Another strike is that the hero, Naga, is supposed to be very cool and bad ass. Groovy. Now, while I'm all in favor of letting a character have moments of vulnerability, I know as a writer that you have to be careful. If your character spends most of a book helpless, embarrassed, injured, or unconscious, the reader is not going to believe your character is bad-ass no matter how many times you say "Ooo! Looky! Special ninja training and biiig scary weapons!"

In short, if your main character spends the whole book with indigestion, either throwing up or hunkering over the chamberpot, or picking his riding sores, or having repeated painful siezures that lay him on his ass for a whole chapter every single time, or having flashbacks to his Formative Traumatic Event ™, then you have a problem.

This could all be overcome with an engaging narrative voice, brisk pacing, clean structure, and other interesting characters. Yet these features are not offered with this model.

The plot is one of those where, just when something is about to happen, it doesn't. And when something does happen, it is confusing and hard to understand, and you have to read it twice before you can figure out what the heck is going on, so you're actually glad things don't happen more often because that makes it easier to care.

The other characters might be interesting. The writing is too self-aware and cleverly convoluted to really allow us to take time off from trying to figure out what in Hell is going on to actually care.

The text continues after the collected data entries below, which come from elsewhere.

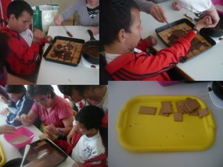 Se preparó una tarta de chocolate entre todos para celebrar el 17 cumpleaños de Kevin el viernes por la tarde. Se describen los pasos para hacer la tarta, como mojar galletas en leche y usarlas como base, calentar y mezclar chocolate para poner sobre las galletas en capas, y dejarla en el refrigerador. Llegaron invitados y cantaron el cumpleaños feliz a Kevin antes de atacar la tarta y bailar, terminando la fiesta.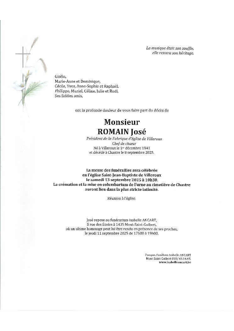 Jean et Jeanne Belge presentent à Gisèle et à toute la famille nos sincères condoléances. Nous sommes reconnaissants pour toutes les célébrations animées par José à Villeroux. beaucoup de courage à tous et toutes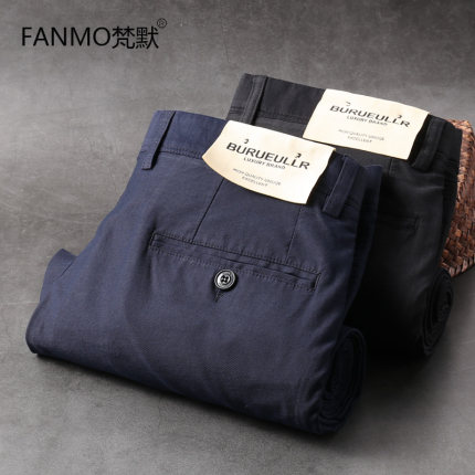 秋冬季男士休闲裤厚款斜纹弹力顺滑透气舒适棉直筒商务休闲长裤男
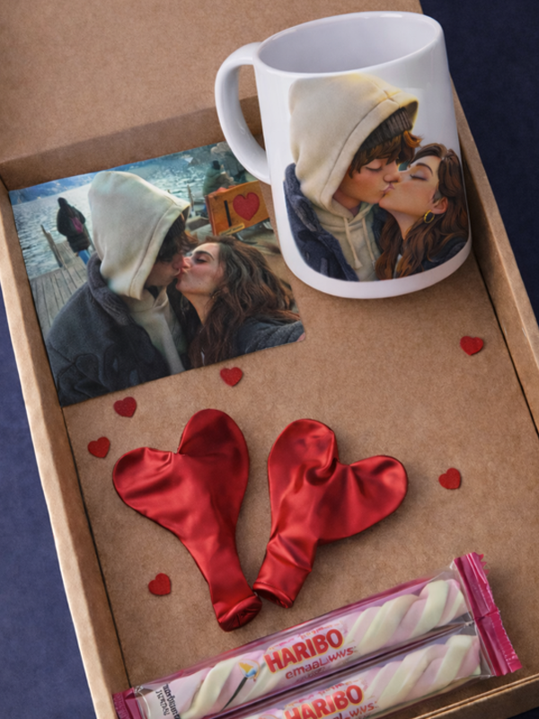 Confezione con scatola personalizzata con palloncini, cuoricini e Mashmellow.

Add to this the poorly-realized demi-romance between the main character and his liege. Now, I don't have a problem with romance when it's done well. I'm so much a sucker for it, actually, that you could hang me off a picture window if you put a romantic fantasy novel in my hands. This was just . . . what the hell do these characters see in each other? One is incomprehensible and vague, which is always sexy, the other one is the poster boy for Wise Young Ruler Guy, yet the author fails to make these traits intriguing, and instead just lets them be tiresome.

They spend a lot of time having really intense feelings of friendship for each other, which I think is really, really cool, because there's not enough written about guys being friends. But it's clear that there is an undercurrent of something more . . . like they're both just waiting around for the other to put on the Barry White and make the first move.

Jesus, Lady. If you're going to imply something that heavily, you might as well come out and say it. The characters wrestle naked and wash each other's butts, and the main character sleeps in his liege's bed. It's okay to say they're totally queer for each other. We get it. Maybe back in 1987, before homosexuality in books had been invented by Harry Potter, it was a shock for people to think about two men having sex. Those were the dark ages. The author or her editor might have been afraid of traumatizing someone who didn't know that gay sex even existed. But thanks to a tireless P.R. campaign by the Republican party, now everyone knows about gay sex and its thrill-a-minute racecar appeal, and so this book's undercurrent of poop-smeared desert midget/hairy blonde guy lust fails to shock. Except by being poorly rendered. That's always kind of shocking.

I'm sorry. I got kind of carried away there. I'm not saying the author doesn't have talent. She does. Quite a bit, actually, if she could just let her prose breathe instead of trying desperately to make it be all meaningful and pretty. But her talent is not enough. If she'd been more interested in serving the demands of plot and character, and less interested in the sound of her own voice, it might have succeeded. As it is . . . nope. Sorry.

She hasn't published anything under this name beyond this book and its sequel, and both are out of print, so . . . self-correcting problem, I suppose.

I'm going to read its sequel, but only because I have it and I paid money for it, so I can't "waste" it.

I'm going to read something else first, though.